I'm trying to find promoters, in a bacterial genome for sigma 70 for example. One way I tried was to, using blastn, query one of the motifs in the sigma 70 binding site, TTGACA, but it seems it's too short to find anything (using aquifex vf5 genome fasta file as the database). I'm wondering how others suggest finding promoters?
Is it possible to include ambiguous nucleotides in blastn (in that case, I could write something like TTGACANN....NNNTATAAT for the ~35-~10 bp upstream region of a gene/operon)? Are there other tools to find shorter sequences? I've tried setting word_size to 4, and that didn't work, and neither does -task blasn-short.
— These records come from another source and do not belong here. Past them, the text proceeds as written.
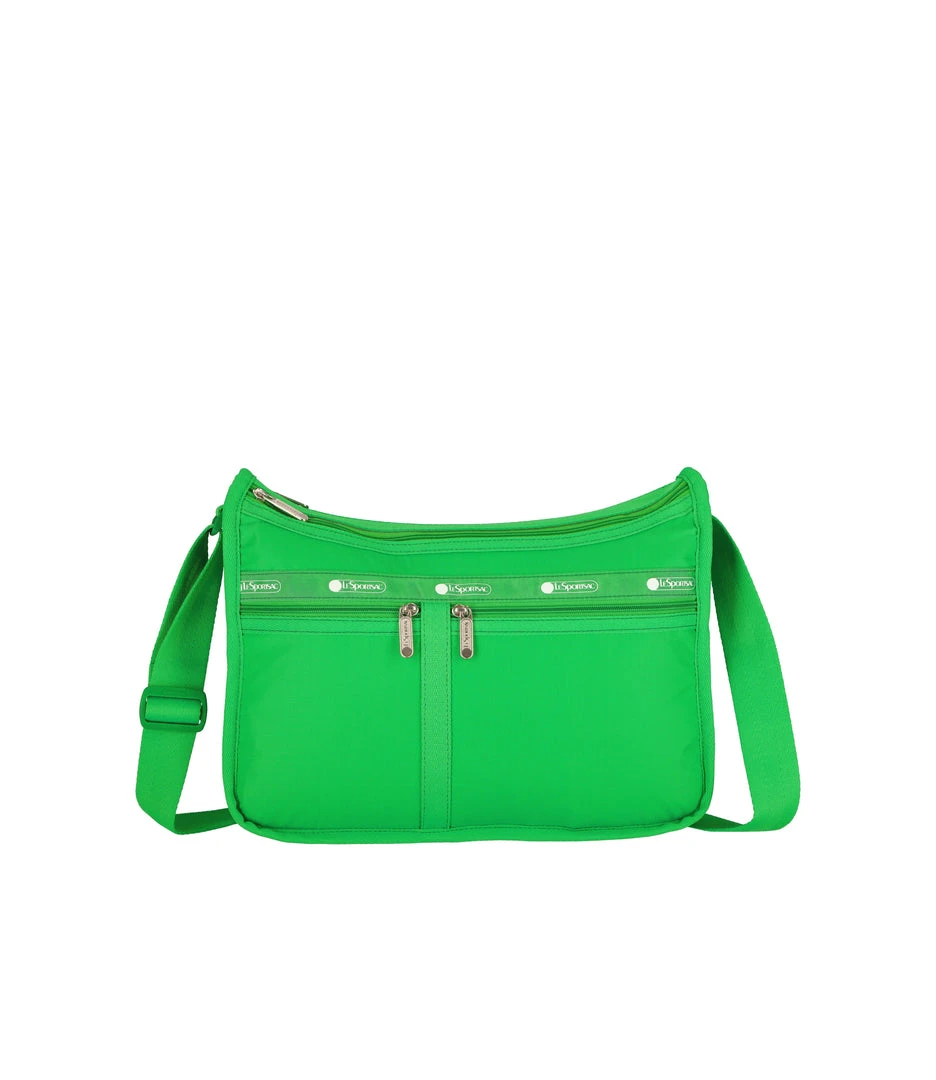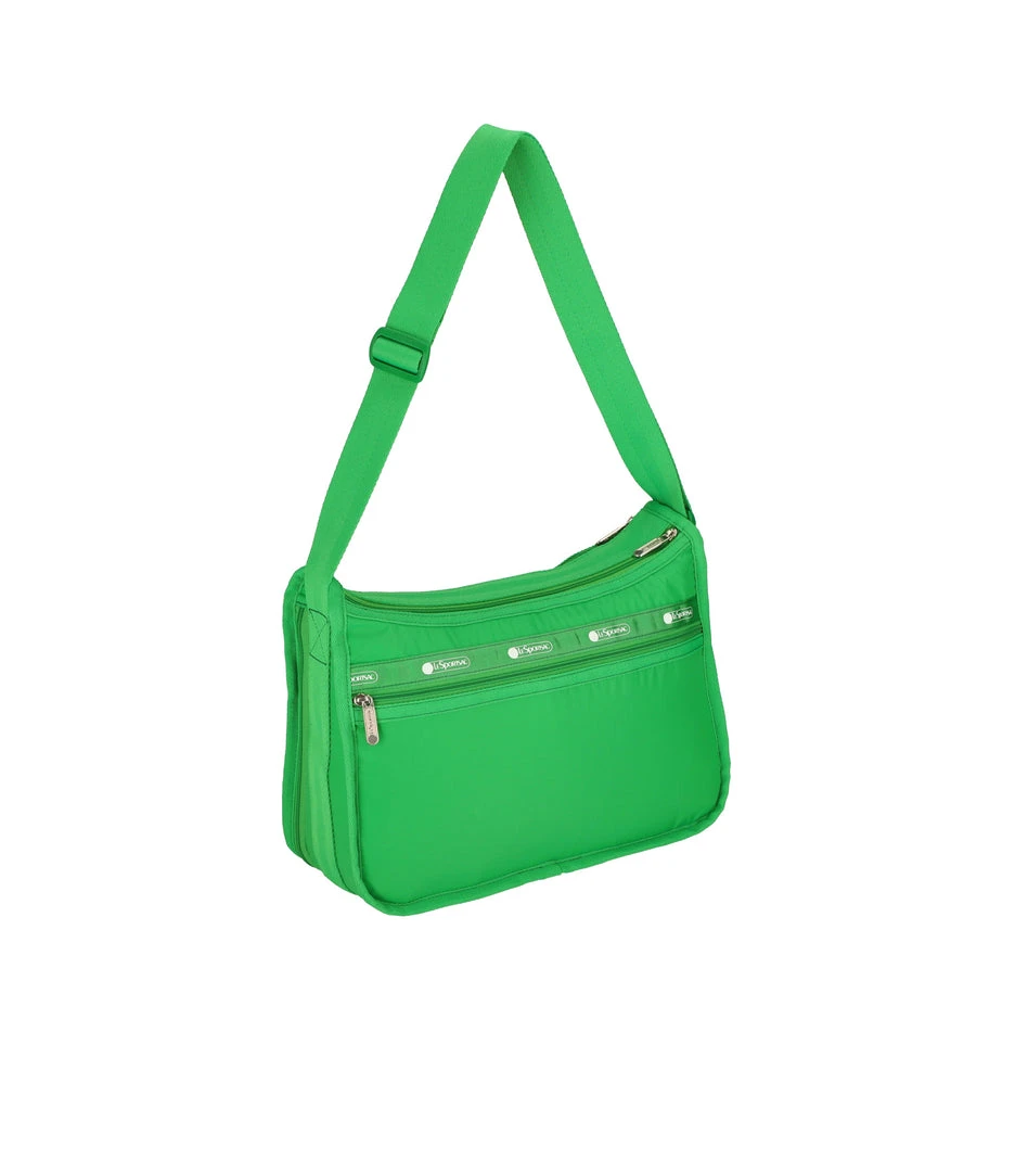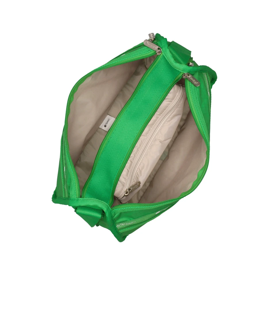 Two main compartments with zipped closures, Zip out expandable front main compartment, Exterior back pocket with zipped closure, Two exterior front pockets with zipped closures, Adjustable shoulder strap (Max. 52in/132cm), Includes matching pouch with zipped closure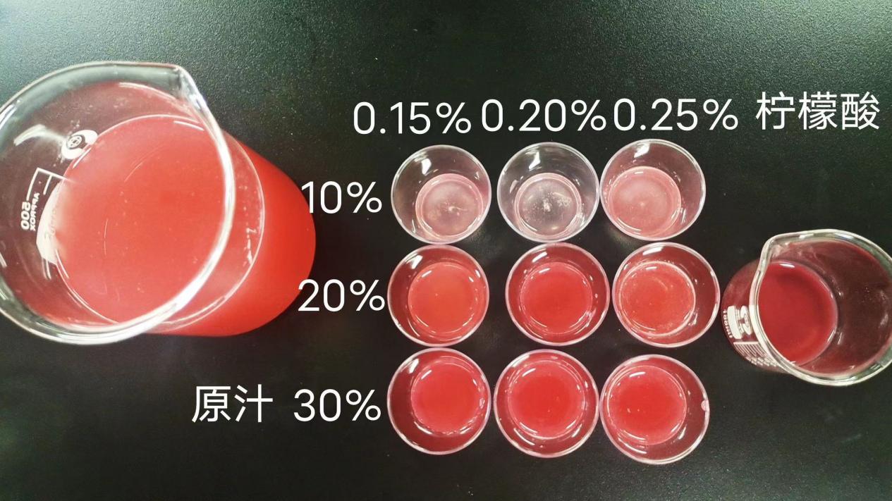 实践队在完成对临潼石榴种植基地的深入调研后,迅速投入到石榴复合果饮的研发中。在罗安伟教授的指导下,队员们快速掌握了均质机、高速剪切机等先进仪器的操作。从10%的原汁浓度逐步递增至60%,队员们进行了全面调配尝试。通过反复试验,严谨地进行称重、调配、过滤、搅拌、剪切、加热杀菌和无菌灌装等操作,结合前期市场调研报告,团队最终确定了45%的原汁浓度为最佳口感比例。在此基础上,实践队还进一步探索了柠檬酸的添加量,最终选定0.2%的浓度,使得果汁的风味与口感达到最佳状态。不仅保留了石榴的鲜美与营养,更具一番独特风味,丰富了临潼石榴产品线。此创新成果不仅展现了科研在农业产业升级中的关键作用,更为消费者带来健康美味新选择,助力临潼石榴产业蓬勃发展。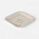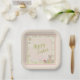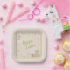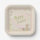 Easter holiday paper plates feature a whimsical Easter bunny surrounded by coloured Easter eggs. There are dainty pink flowers and greenery all around the napkin and then it's outlined in pale green and a pinky peach colour against a creamy tan background. In the centre it reads "Hoppy Easter", which is customisable should you want to change that.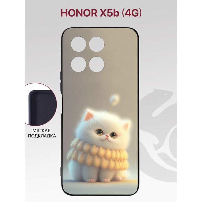 Чехол Soft для Honor X5b (4G) с рисунком, с защитой камеры, с мягкой подкладкой из микрофибры, противоударный, черный с принтом (Хонор X5b)

TATAAT is another of the sigma 70 binding sites, to clarify
Also found this post, but it wasn't helpful, the main suggestion there seemed to use HMMER, but I'm not looking at proteins but nucleotides... https://www.reddit.com/r/bioinformatics/comments/6ue3w5/promoter_sequence_analysis_tools/?st=j6hk7a15&sh=875e00e7
(this got taken down in the bioinformatics subreddit, so asking here, in case you also saw there...)
Have you tried using actual promoter prediction tools?
bprom
is a classical one, but there are probably better/more up to date ones by now.Thank you for the pointer! I guess it makes sense to look for such a thing now that you say it, it just hadn't occurred to me!